Dificulties: It shouldn't harvest the same query instance twice, e.g. if a query takes 10 seconds to run, and it polls every 1 second, it should not record the query 10 times, it should log the query from the last poll where it was seen before it went away (you can tell by the time column in processlist how long it has been running and thus distinguish whether it is the same query or another one much like it running again on the same thread.

This should also be runnable in "auxiliary" mode, where the only thing we care about is the memory_used column. We want to take the query and memory usage and send it up to the SSM server for integration of the memory usage information, rather than replacement of information coming from the slow log. So there would be a separate thread running to fetch this and push it up to SSM server to integrate.

Thing that makes this harder is that it looks like processlist is limited to 64K: https://jira.mariadb.org/browse/MDEV-24139 which means that the query we get from there could be truncated, while the one in the slow log will be complete. So we may have to guess that if the left(query, 65535) matches, and the time is an approximate match (within a few seconds) and whatever other metadata we have matches (e.g. user, host, thread id), we may have to assume it is the same query.

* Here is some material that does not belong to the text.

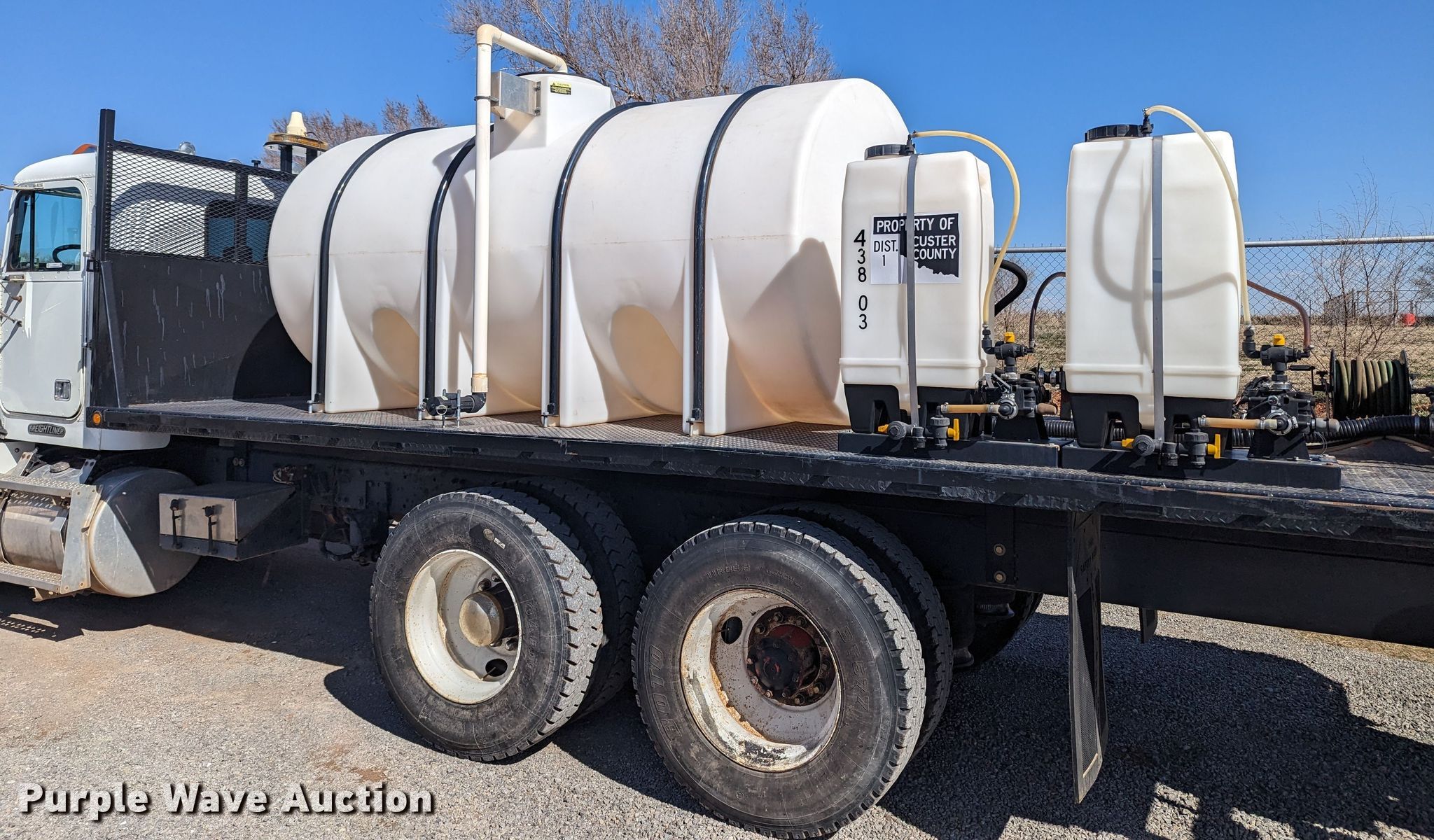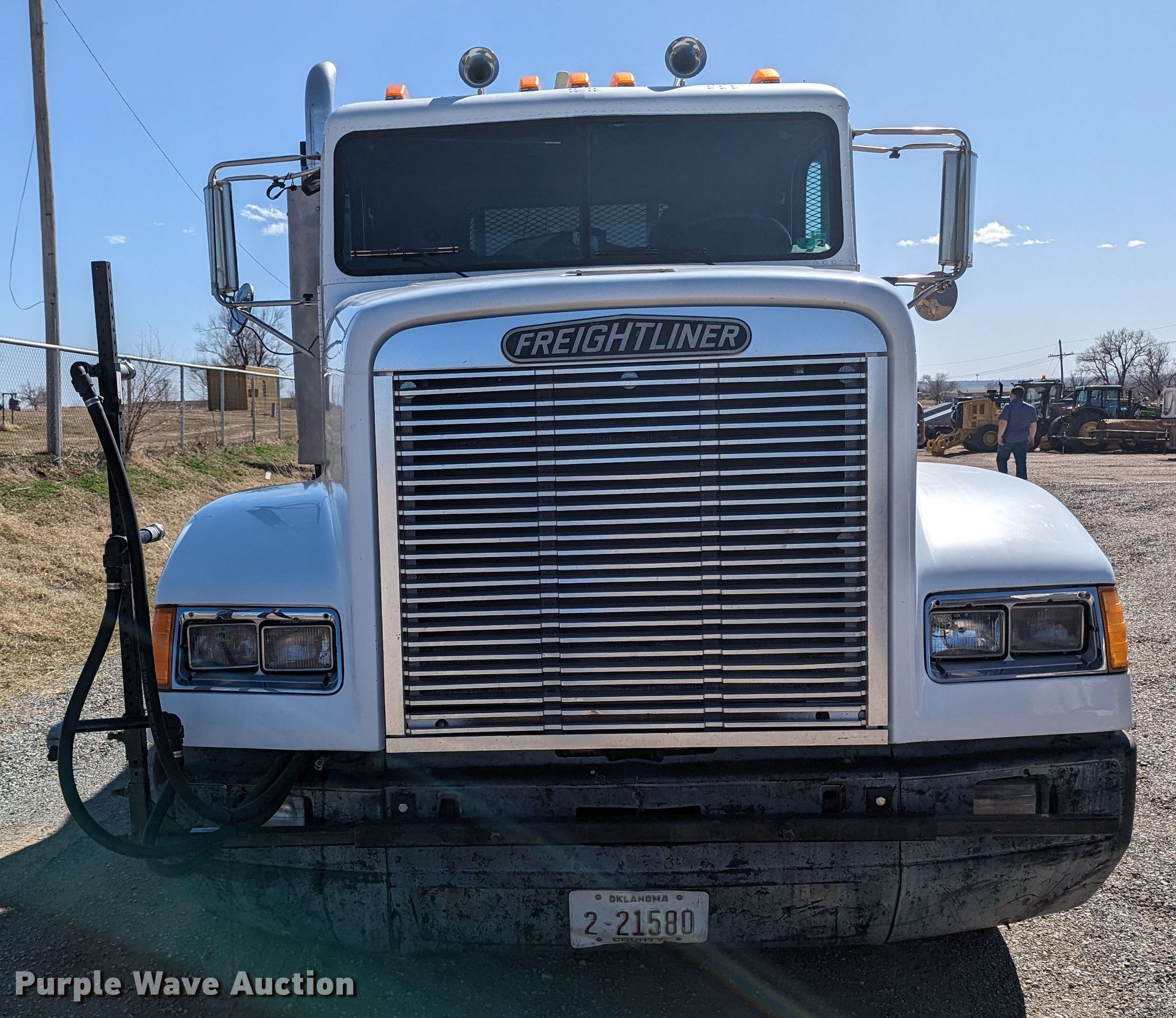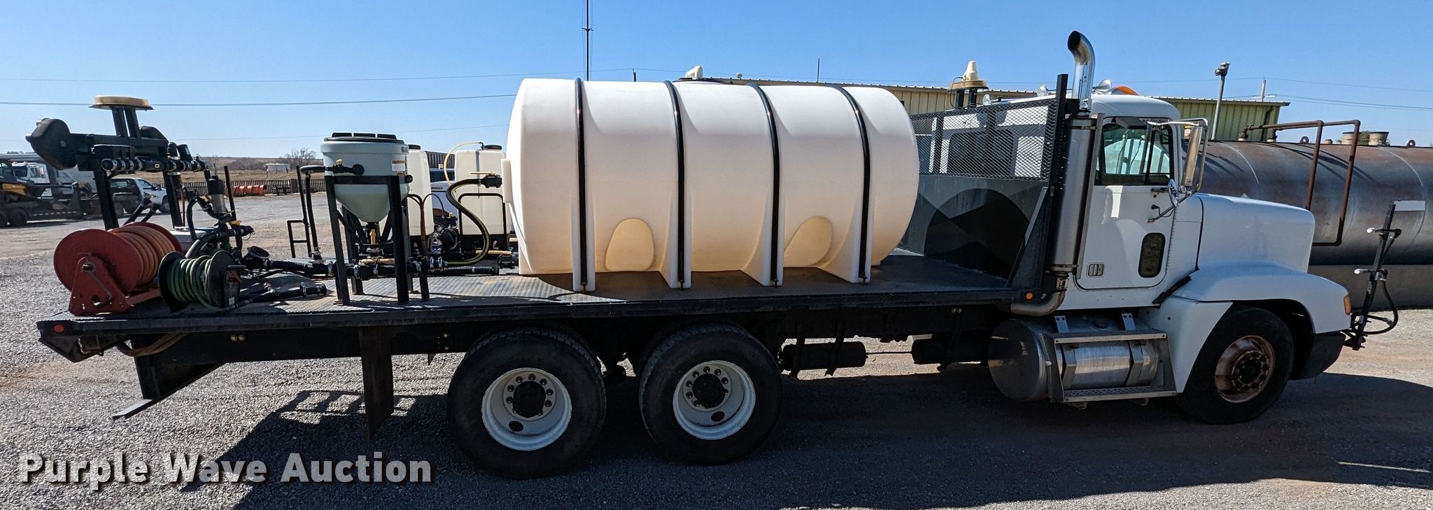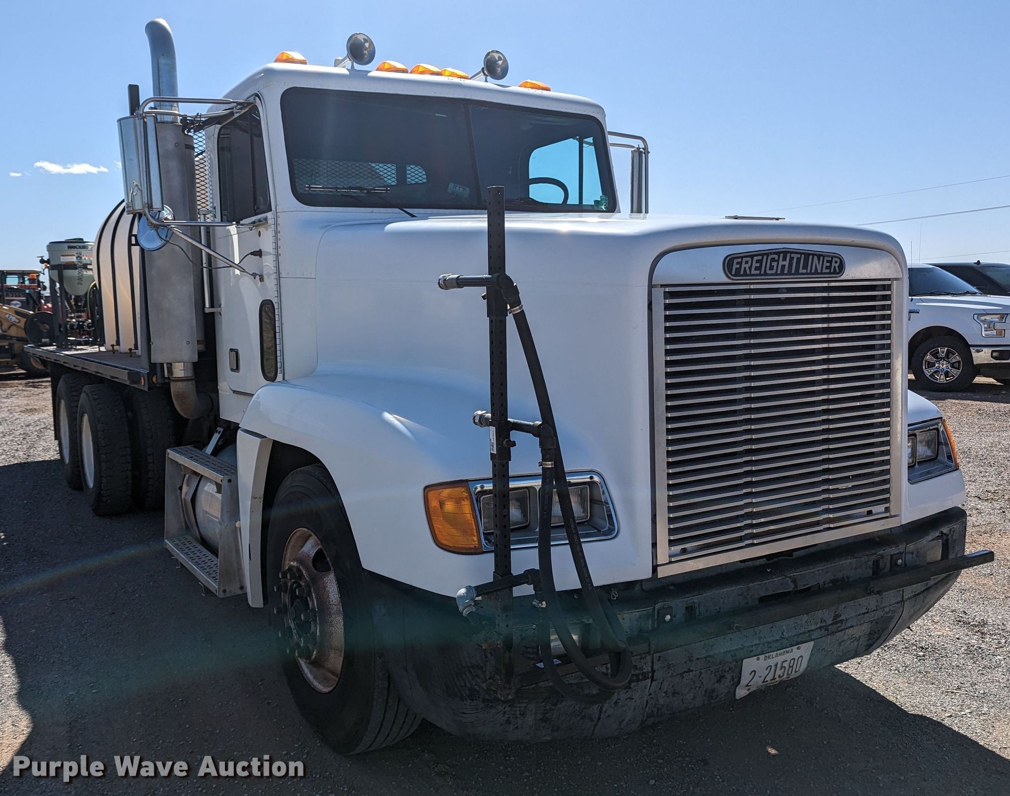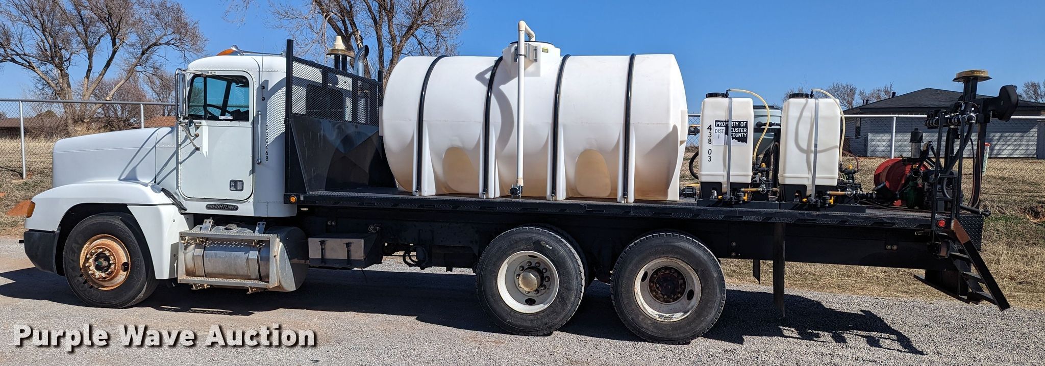 1994 Freightliner flatbed truck. Miles: 281,345 on odometer, VIN: 1FUYDCXBXRP433693. Engine Detroit Diesel Series 60, Displacement: 11.1L, Cylinders: 6, Fuel type: Diesel. Transmission Manual. Chassis Axles: Tandem, Suspension: Air, Brakes: Air. Interior AC, Heat, Heated mirrors, Cruise control. Features Flatbed 21' L x 102" W, Raven spray system, Poly tank Capacity: 1,600 gallons, (2) chemical tanks Approx. 40 gallon capacity, Dry chemical tank, Hose reel, Single cylinder gas engine. Oklahoma title. Custer County - District 1. 9960 US-183. Arapaho, OK 73620
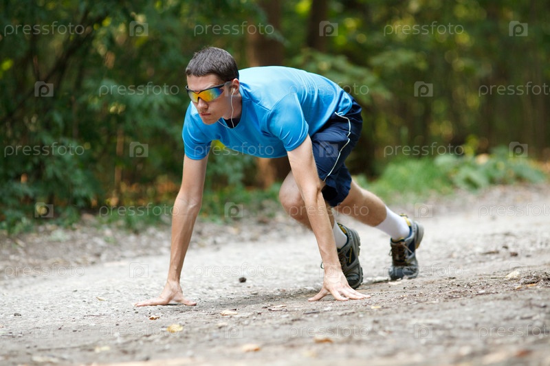Молодой бегун на старте в парке

The idea is to track the min/max/avg memory_used for queries.

Reason why this is useful is because some systems have to execute badly written queries that can use hundreds of megabytes of RAM, in part because they need huge tmp_table_size to also be set (or they grind to a halt when they get swapped out to disk). And this would allow for finding queries by most memory used to try to do something about them and prevent out-of-memory conditions.

We would also need an additional sortable column in QAN web interface for the memory_used data.